[Work to be completed]
Only the lines from the one that contains "Horloge murale - Pendule" to the last line below, both included, should be transcribed. Pictures stay out of the copy.

Records from a collection:

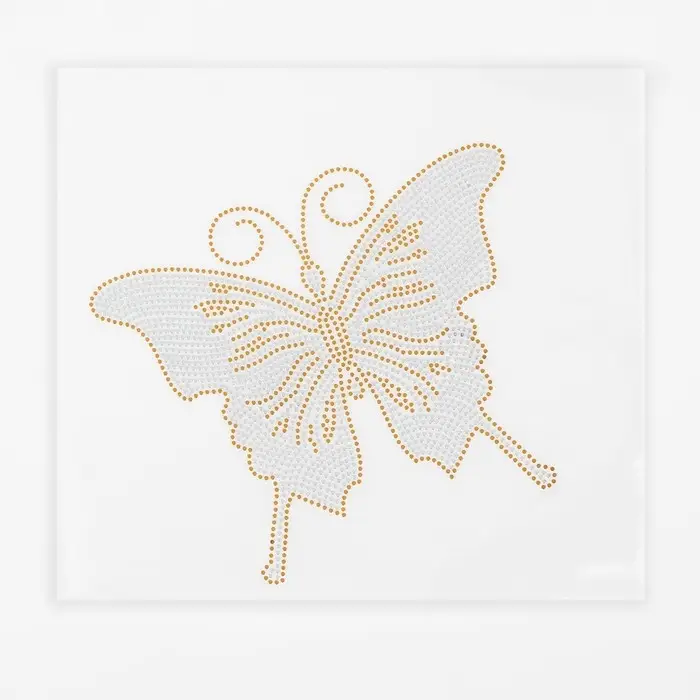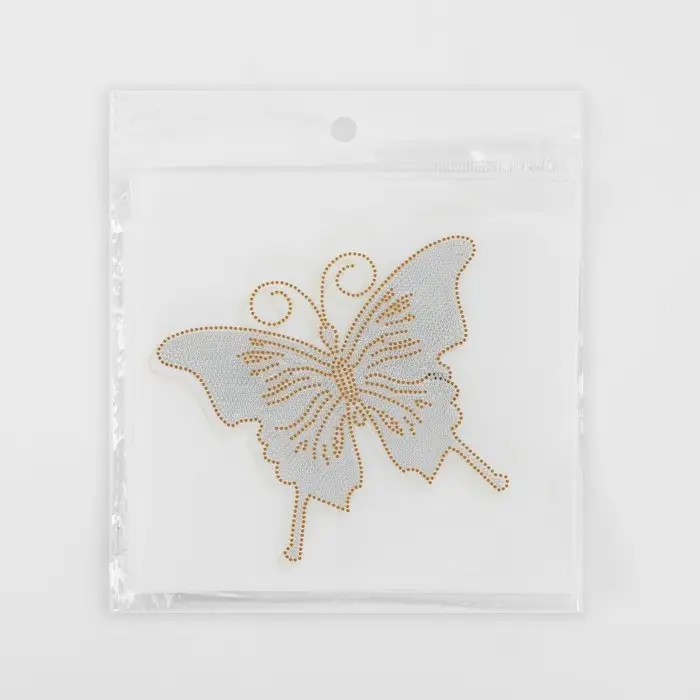 Наклейка украшена пайетками золотого и серебряного цвета, что придаёт ей роскошный и праздничный вид. Благодаря технологии термопереноса она легко фиксируется на ткани, не требуя специальных навыков или оборудования. В упаковке 10 штук, что позволяет воплотить сразу несколько креативных идей. Тематика «бабочки» делает её универсальной для детской и взрослой одежды, а также для различных аксессуаров.
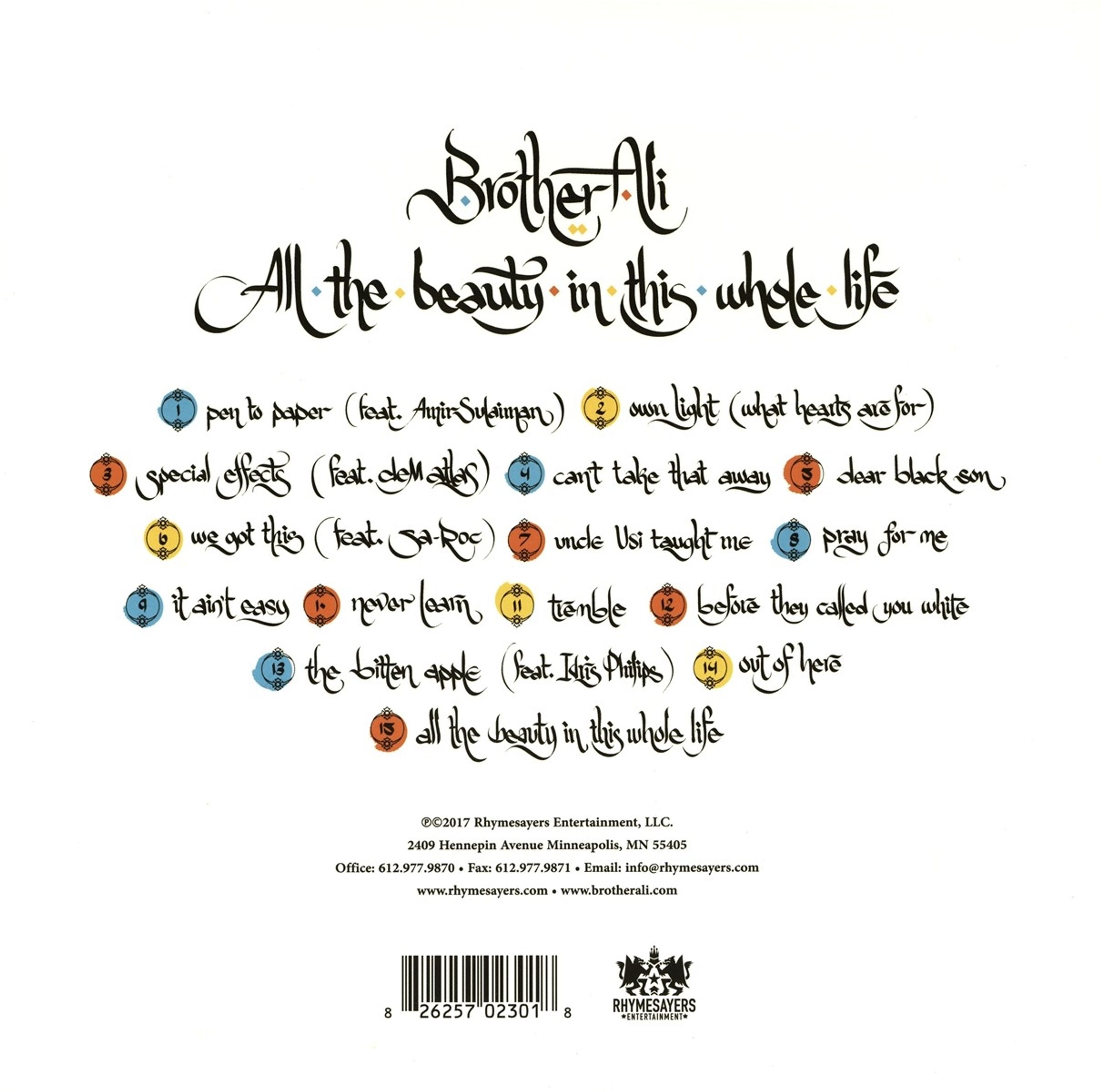 Brother Ali ist ein hoch angesehener HipHop-Musiker, politischer Aktivist und praktizierender Muslim aus Minneapolis, USA. Oder wie Spiegel Online einmal schrieb »ein weißer, fast blinder Musiker aus Wisconsin […] der Rap-Musik den Soul zurückgibt.« Auf seiner Vita kann er nicht nur mehrere Alben und EPs verbuchen, sondern auch Chuck D von Public Enemy als einen seiner Mentoren bezeichnen. Neben Auftritten in Late-Night-Shows von Conan O'Brien und Jimmy Fallon durfte er mit seinem starken Glauben an das Freiheitsversprechen Amerikas sogar schon die Hauptrede beim Friedensnobelpreis halten. Nun erscheint sein neues und von DJ Ant (Atmosphere) produziertes Album »All The Beauty In This Whole Life«.
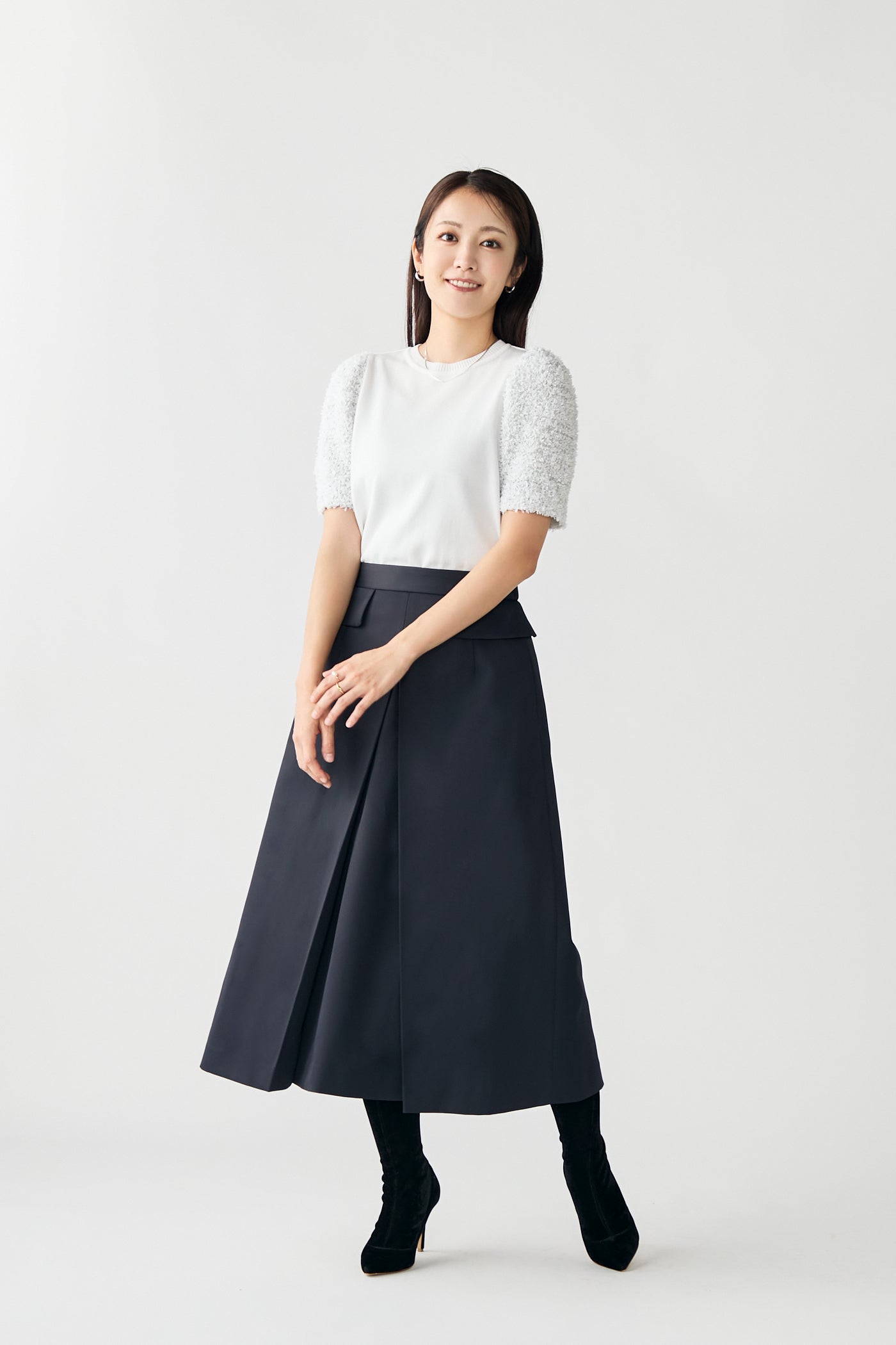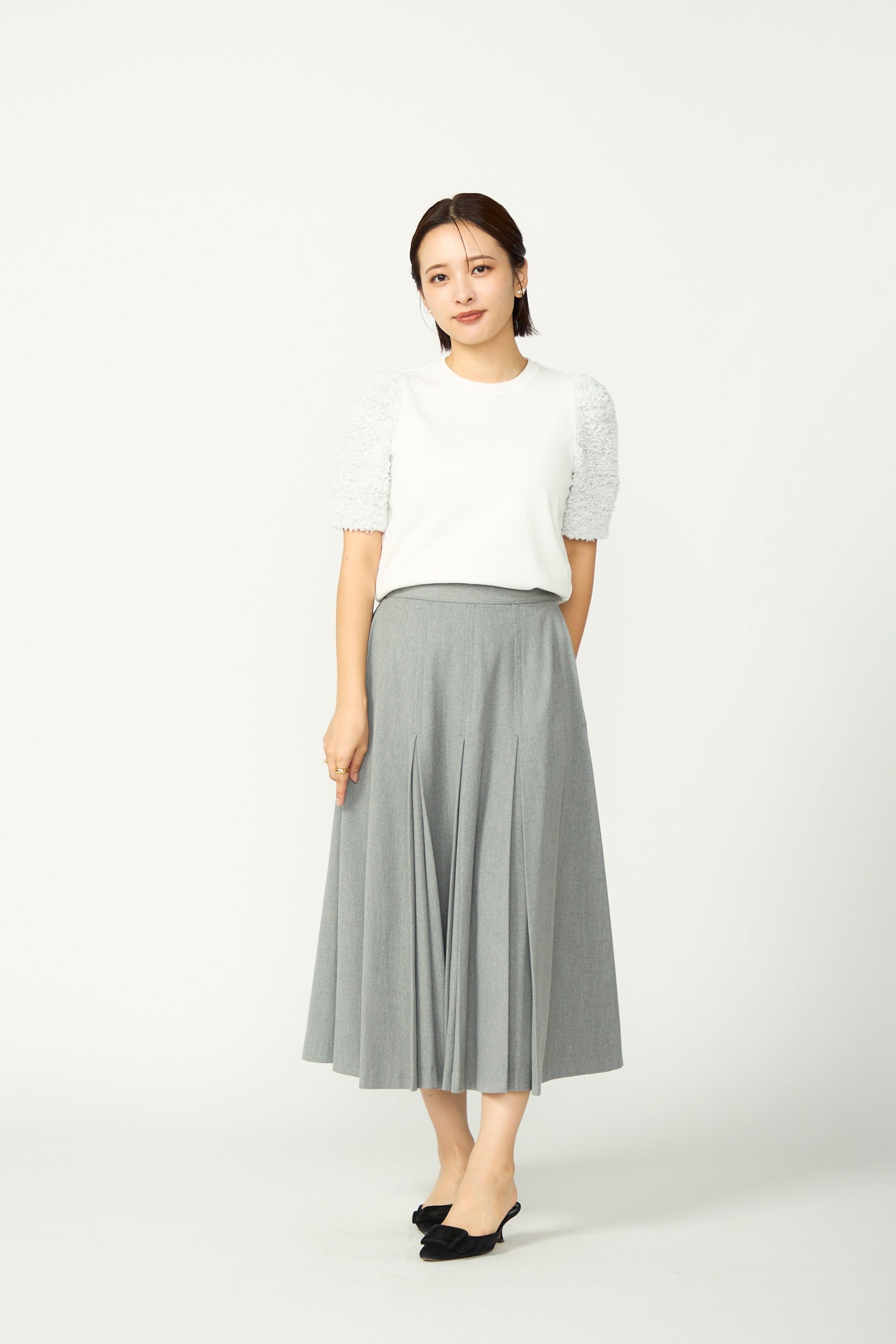 ニット生地に糸を編み込み、ふんわりとボリュームのある袖が特徴的。
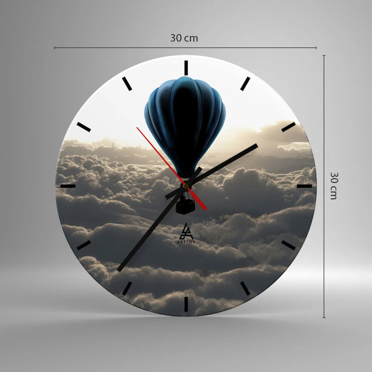 Horloge murale - Pendule murale - Une montgolfière s'élève au-dessus des nuages au lever du soleil. - 30x30cm - Un vagabond au dessus des nuages - Décoration murale moderne pour le salon, la cuisine et la chambre ARTTOR
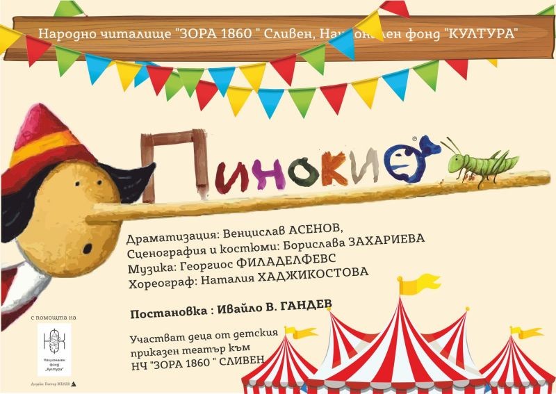 Постановката „Пинокио“ е реализирана с финансовата подкрепа на Национален фонд „Култура“ към Министерство на културата. Вход свободен.
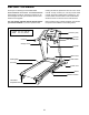 CONSOLE DIAGRAM FEATURES OF THE CONSOLE To turn on the power, see page 16. To use the manual mode, see page 16. To use a preset workout, see page 18. To use the information mode, see page 19. To use the sound system, see page 19. The treadmill console offers a selection of features designed to make your workouts more effective and enjoyable. When you select the manual mode of the console, you can change the speed and incline of the treadmill with the touch of a button.
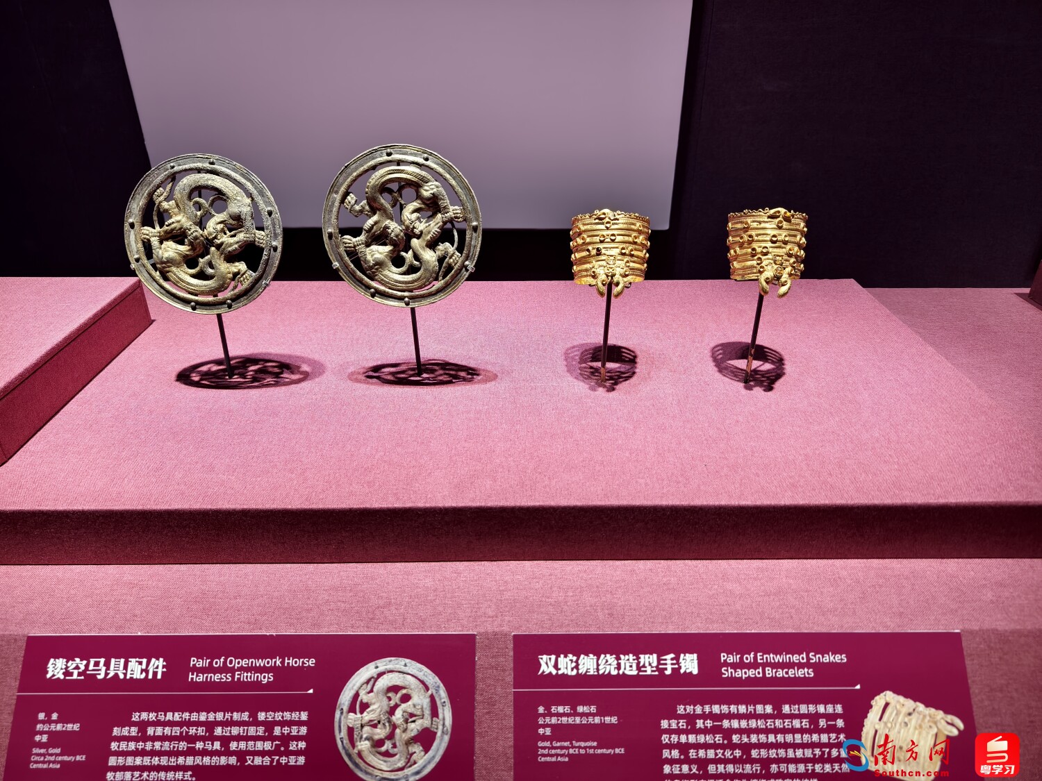 “铜石并臻”篇章聚焦从石器时代到青铜时代转变的石刻雕塑和青铜器,再现早期文明在石刻雕塑、金属艺术等领域的美学工艺。“帝国华章”篇章通过埃兰王国、巴比伦王国、亚述帝国、阿契美尼德王朝等早期帝国的金银器,展现了当时的精湛工艺和王权的财富象征,以及其与周边地区的文化交流。“希腊荣光”篇章展出希腊化时期精美绝伦的珠宝首饰和生活用具,这些珍宝不仅展现了希腊文化的独特魅力,还融合了东方元素,成为世界珠宝艺术史上的璀璨篇章。“波斯华彩”篇章着重讲述萨珊王朝的艺术风格,并揭示了其通过丝绸之路与唐朝的交流互鉴。

[Response area]
 Horloge murale - Pendule murale - Une montgolfière s'élève au-dessus des nuages au lever du soleil. - 30x30cm - Un vagabond au dessus des nuages - Décoration murale moderne pour le salon, la cuisine et la chambre ARTTOR
 Постановката „Пинокио“ е реализирана с финансовата подкрепа на Национален фонд „Култура“ към Министерство на културата. Вход свободен.
 CONSOLE DIAGRAM FEATURES OF THE CONSOLE To turn on the power, see page 16. To use the manual mode, see page 16. To use a preset workout, see page 18. To use the information mode, see page 19. To use the sound system, see page 19. The treadmill console offers a selection of features designed to make your workouts more effective and enjoyable. When you select the manual mode of the console, you can change the speed and incline of the treadmill with the touch of a button.
 “铜石并臻”篇章聚焦从石器时代到青铜时代转变的石刻雕塑和青铜器,再现早期文明在石刻雕塑、金属艺术等领域的美学工艺。“帝国华章”篇章通过埃兰王国、巴比伦王国、亚述帝国、阿契美尼德王朝等早期帝国的金银器,展现了当时的精湛工艺和王权的财富象征,以及其与周边地区的文化交流。“希腊荣光”篇章展出希腊化时期精美绝伦的珠宝首饰和生活用具,这些珍宝不仅展现了希腊文化的独特魅力,还融合了东方元素,成为世界珠宝艺术史上的璀璨篇章。“波斯华彩”篇章着重讲述萨珊王朝的艺术风格,并揭示了其通过丝绸之路与唐朝的交流互鉴。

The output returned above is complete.